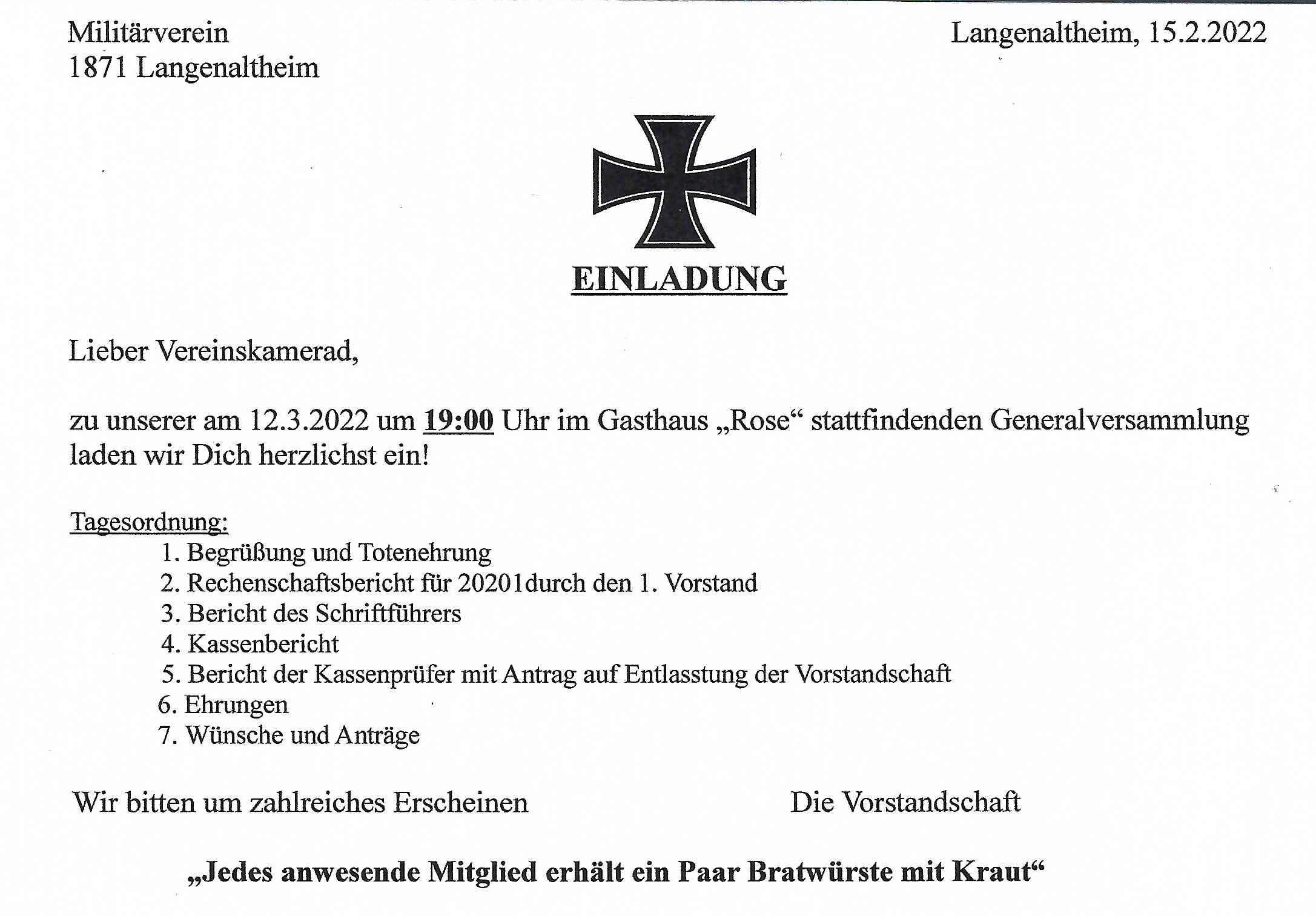 Militärverein Generalversammlung im Gasthof Rose - Jedes Mitglied erhält 1 Paar Bratwürste mit Kraut kostenlos vom Verein. Zitieren Inhalt melden Termin exportieren
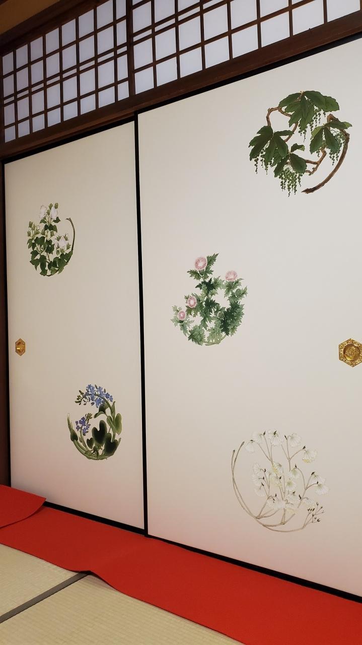 右側の襖絵は、「ギボウシ」「トロロアオイ」かな? -
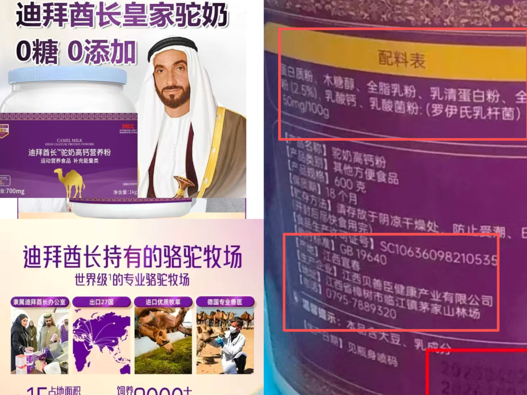 标着“新疆真驼奶”的罐子里,装的却是大豆粉和燕麦粉;堪称“迪拜皇室专供”的入口驼奶,实践产自江西某地代工场;直播间里信誓旦旦“调理三高”的神奇功效,大家却说“痛苦科学依据”……
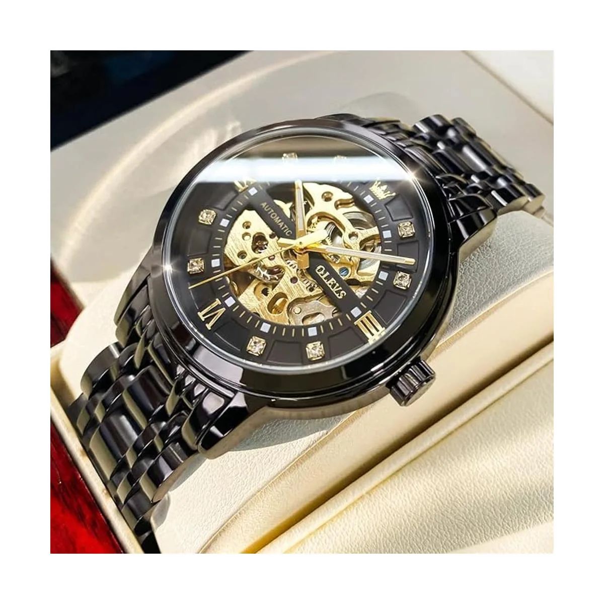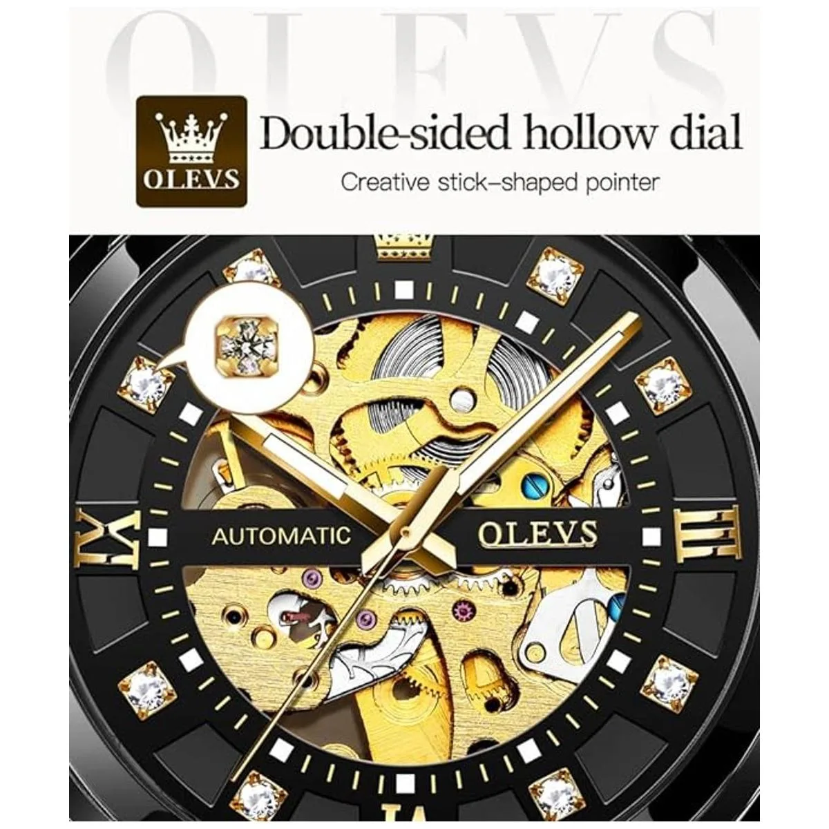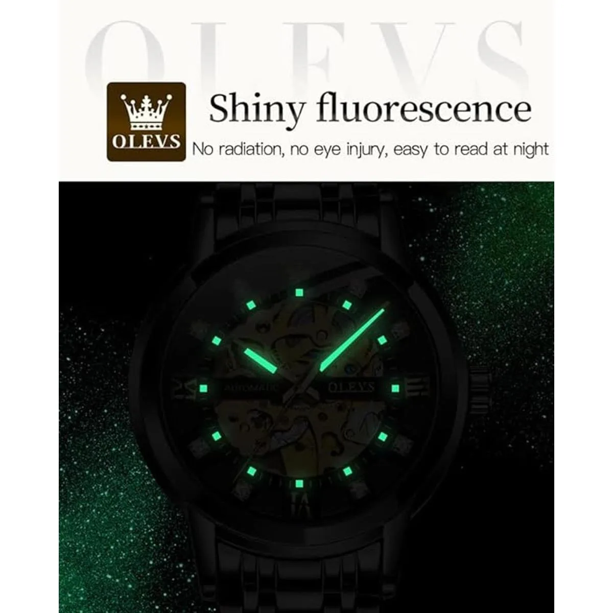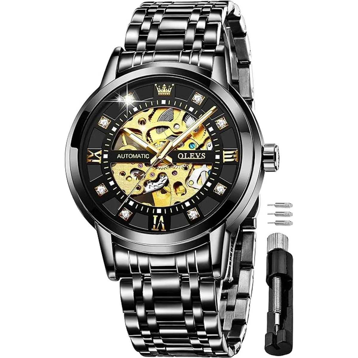 OLEVS Reloj de esqueleto dorado automático mecánico automático para hombre, vestido de lujo de acero inoxidable, resistente al agua y luminoso

* * * * *

*Brief*
Images should not appear in the copy; retype the listing above exactly.

*Solution*
 Militärverein Generalversammlung im Gasthof Rose - Jedes Mitglied erhält 1 Paar Bratwürste mit Kraut kostenlos vom Verein. Zitieren Inhalt melden Termin exportieren
 右側の襖絵は、「ギボウシ」「トロロアオイ」かな? -
 标着“新疆真驼奶”的罐子里,装的却是大豆粉和燕麦粉;堪称“迪拜皇室专供”的入口驼奶,实践产自江西某地代工场;直播间里信誓旦旦“调理三高”的神奇功效,大家却说“痛苦科学依据”……
 OLEVS Reloj de esqueleto dorado automático mecánico automático para hombre, vestido de lujo de acero inoxidable, resistente al agua y luminoso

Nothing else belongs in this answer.